With much less face-to-face interaction between students and teachers, the pressure is there to make up for lost time and cover as much content as possible. However, leadership at Adairville School has stressed the importance of quality over quantity.

“Quality lessons are the ones that interest students,” says Assistant Principal Jonathan Stovall. “Our teachers work very hard to make their lessons personally relevant to their students’ lives--that’s when the magic happens.” 

Veteran science teacher Jan Stevenson-Laurent presented her students with a very relevant problem: how do farmers expand their fields to produce more food for a growing population yet justify cutting down trees that are so important to the carbon cycle? “Whenever I link my content to students’ survival and well-being, student engagement really increases,” Stevenson-Laurent explains.
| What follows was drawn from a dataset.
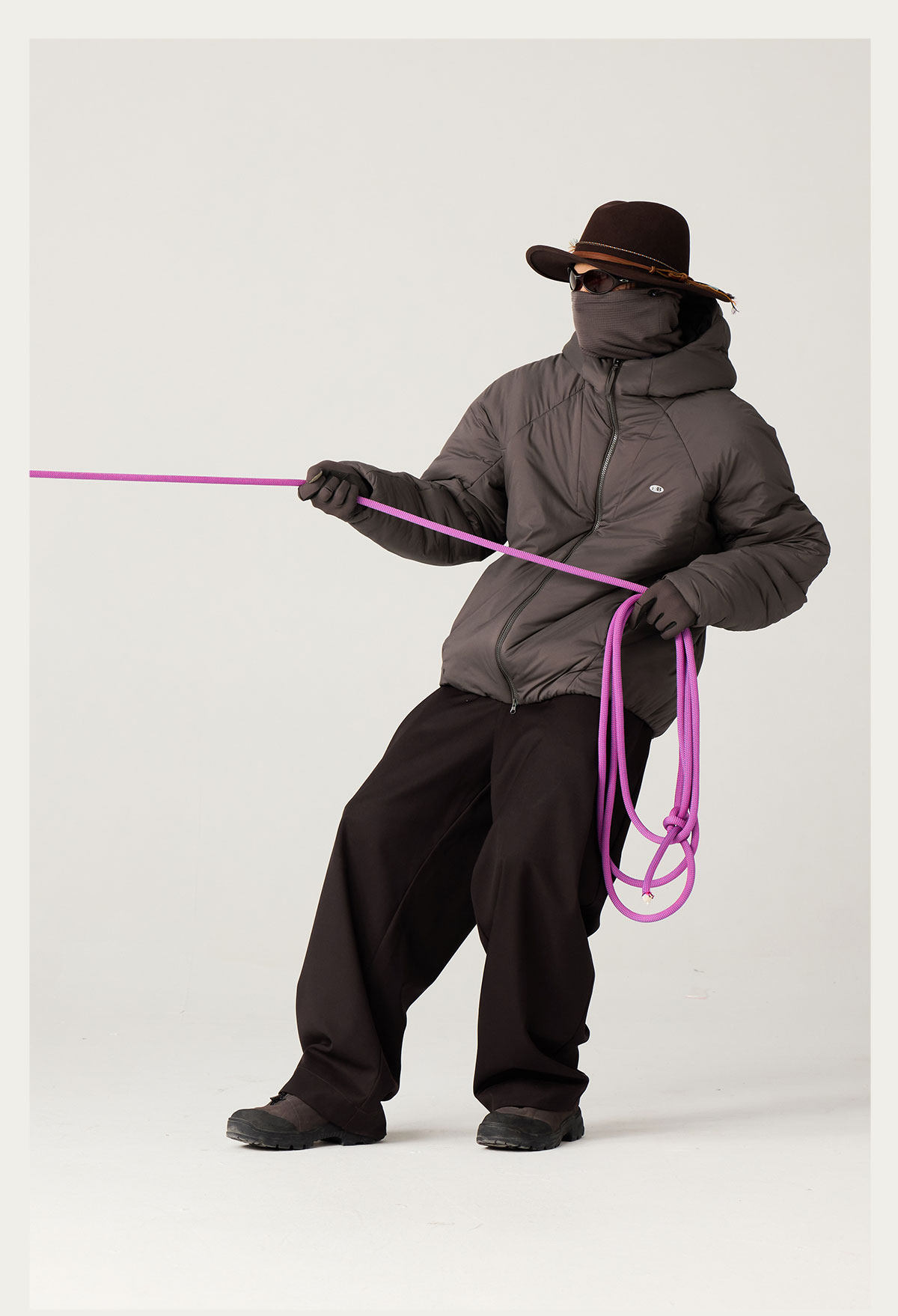 Увеличенный капюшон с круговой регулировкой по краю усиливает защиту головы от холода и предотвращает проникновение ветра, сочетая комфорт и выразительный силуэт.

“Adairville has always been a place where learning is fun,” says Principal Bouldin, “We just have to be much more creative to make that happen virtually.”

The Artisan teaching skill of “delight,” which is defined as “the ability to create learning experiences that are extra-memorable,” is shared and celebrated each week at the staff’s Friday Huddle. “Delight has an element of surprise; it’s something positive and unexpected that boosts student engagement. Teachers and kids love it!”

Kindergarten teachers Jennifer Baker and Kris Potter have new guest puppets each week that coincide with letter recognition; middle school math teacher Deborah Davenport tells “math jokes” at the end of her Zoom meetings; Beason puts a sticker on her face each time a student answers correctly; Stevenson-Laurent lets her basset hound make guest appearances on camera; 4th grade teachers Carol Ann Dossett and Lorie Deberry use Bitmoji Classroom to post assignments.

“We want students to take delight in school regardless of their setting so they will become lifelong learners,” says Special Education teacher Kim Skipworth.

Mr. Stovall added, “It's amazing the lengths our teachers are going to engage, connect, and instruct our students.”

Teachers, staff, and administrators at Adairville School intentionally model curiosity by being lifelong learners themselves, since they consider themselves co-investigators with students as they navigate this new and ever-changing world and learn to do school differently.